Emma: "It's ok pak. Eh, kok pak Jo parkir?"
Pak Jonathan: "Aku antar sampai depan lift ya, permintaan maafku." Pak Jonathan melemparkan senyumnya sambil melepas seatbelt.
Emma berpikir keras bagaimana menjelaskan kepada pak Jonathan bahwa tower Emma bukanlah tower yang biasa pak Jonathan antarkan sebelumnya. 'aku nggak mungkin bilang itu tower lelaki yang aku stalking-in kan. Aku harus bikin alasan apa nih?!' Kepanikan Emma hanya terjadi di dalam pikirannya, namun ia tetap tampak tenang, berjalan pelan disamping pak Jonathan, mendekati tower apartemen Wolfy.
Langkah Emma terhenti saat ia melihat Wolfy dan Luna yang berjalan berdampingan di depan lobby, beberapa meter darinya. Pak Jonathan menoleh memandang Emma dengan bingung, ia mengikuti arah pandang Emma. Luna mengangkat dagunya dan membalas tatapan Emma.

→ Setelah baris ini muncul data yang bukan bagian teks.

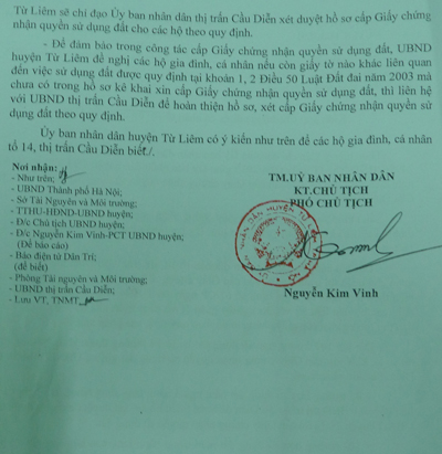 Phải mất đến hơn một năm sau, ngày 23/7/2012, UBND huyện Từ Liêm mới ra được văn bản số 1003/UBND-TNMT gửi UBND TP. Hà Nội; Sở Tài nguyên & Môi trường (TN&MT) đề nghị xem xét giải quyết nguyện vọng được cấp sổ đỏ của các hộ dân tại tổ 14 thị trấn Cầu Diễn, huyện Từ Liêm. Nội dung văn bản của huyện Từ Liêm tiếp tục khẳng định các hộ dân khu vực này đă mua lại đất tự sử dụng phân chia từ trước ngày 15/10/1993.

Luna: " Tampaknya dia sudah punya penggantimu." Ia berbisik pada Wolfy yang tak bergeming.
Pak Jonathan: "Kenalanmu?" Pertanyaan pak Jonathan menyadarkan Emma, ia segera memalingkan pandangan ke pak Jonathan dan tersenyum.
Emma: "Masa lalu saya pak. Ayo kita jalan ke sebelah sana, tower saya di belakang."
EPILOG
Wolfy: "Dia tidak akan mengakuinya Bram. Luna terus menutupi hubungan ini, harus berapa lama lagi aku menunggu?!"

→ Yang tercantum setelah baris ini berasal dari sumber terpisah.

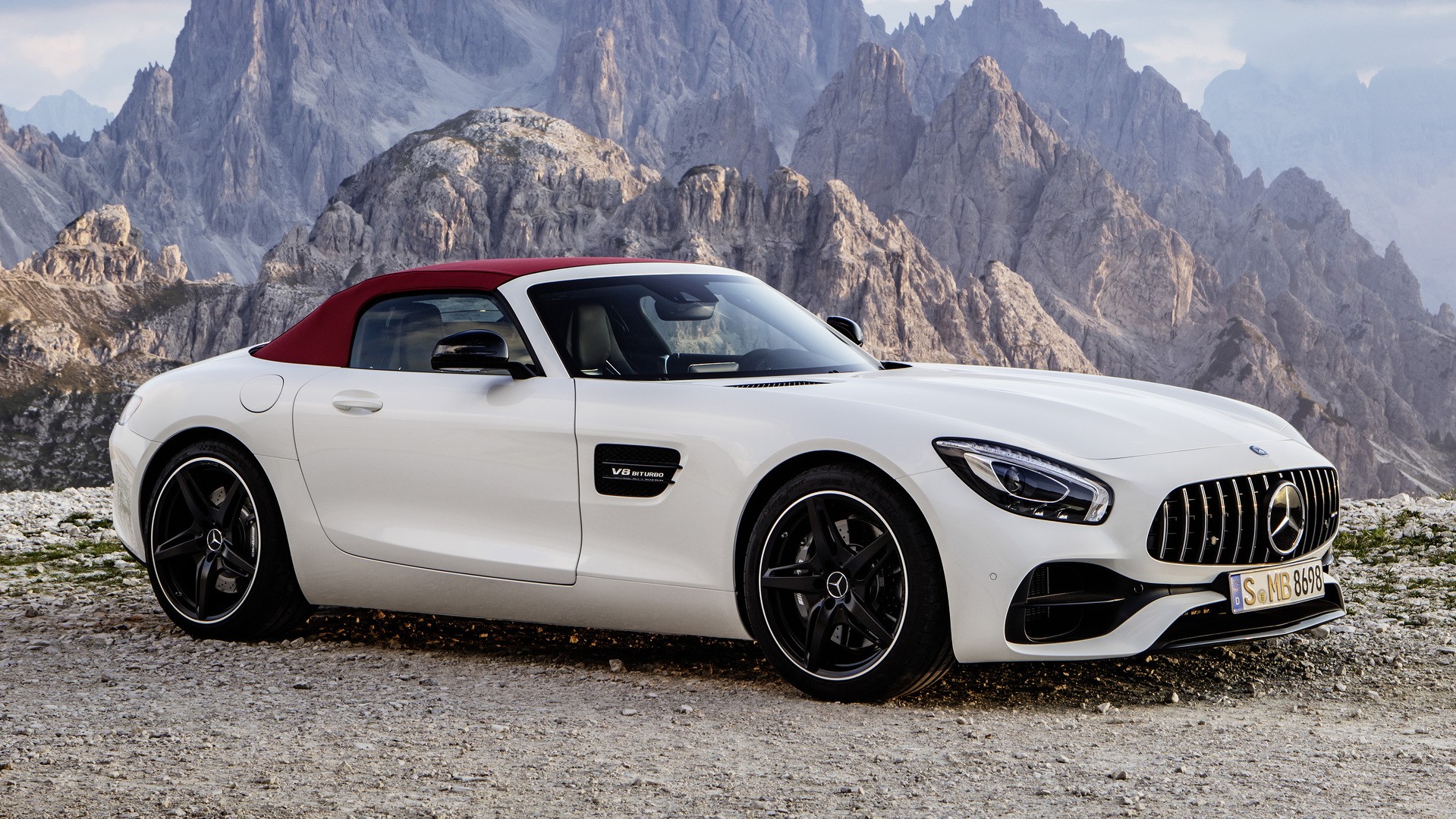 Mercedes-Benz je na pariškem avtosalonu predstavil brezstrešno navezo modela Mercedes-AMG GT, ‘enojajčna dvojčka’ AMG GT Roadster in AMG GT C Roadster. Oba uporabljata 4-litrski biturbo motor V8, le da prvi iz njega iztisne 476 KM (350 kW, najvišji navor 630 Nm), močnejša izpeljanka pa 557 KM oz. 410 kW, kar je le 20 kW manj kot prvak razreda, GT AMG GT R. GT C se od 0 do 100 km/h izstreli v 3,7 sekunde, za trohico manj zmogljiva različica pa za to potrebuje 4 sekunde. In medtem ko slednji zmore hitrosti do 302 km/h, se GT C-ju merilnik ustavi pri 316 km/h. AMG GT C Roadster si je od modela AMG GT R sposodil kar precej športnega znanja. Med drugim krmiljenje zadnjega para koles (ti spreminjata kot in s tem pomagata pri vožnji skozi zavoje) in elektronsko zaporo diferenciala na zadnji premi, ki ga dopolnjuje športno vzmetenje AMG Ride Control.

Bram: "Aku akan membantumu menguak rahasia itu di depan para kawanan dan yang lainnya. Kau bersabarlah sampai moment itu datang. Kalau tidak, kau tak akan bisa lepas dari kawanan. Pelan-pelan, rencana ini akan berhasil kalau kau bersabar."
Wolfy menghela nafas dengan kasar, merasa kesal namun ia mengangguk menyetujui Bram.
Wolfy: "Ok. Begitu kesempatan itu datang, tolong bantu aku mengungkapnya, agar rencana ini bisa selangkah lebih maju, dan aku bisa melepaskan diri darinya."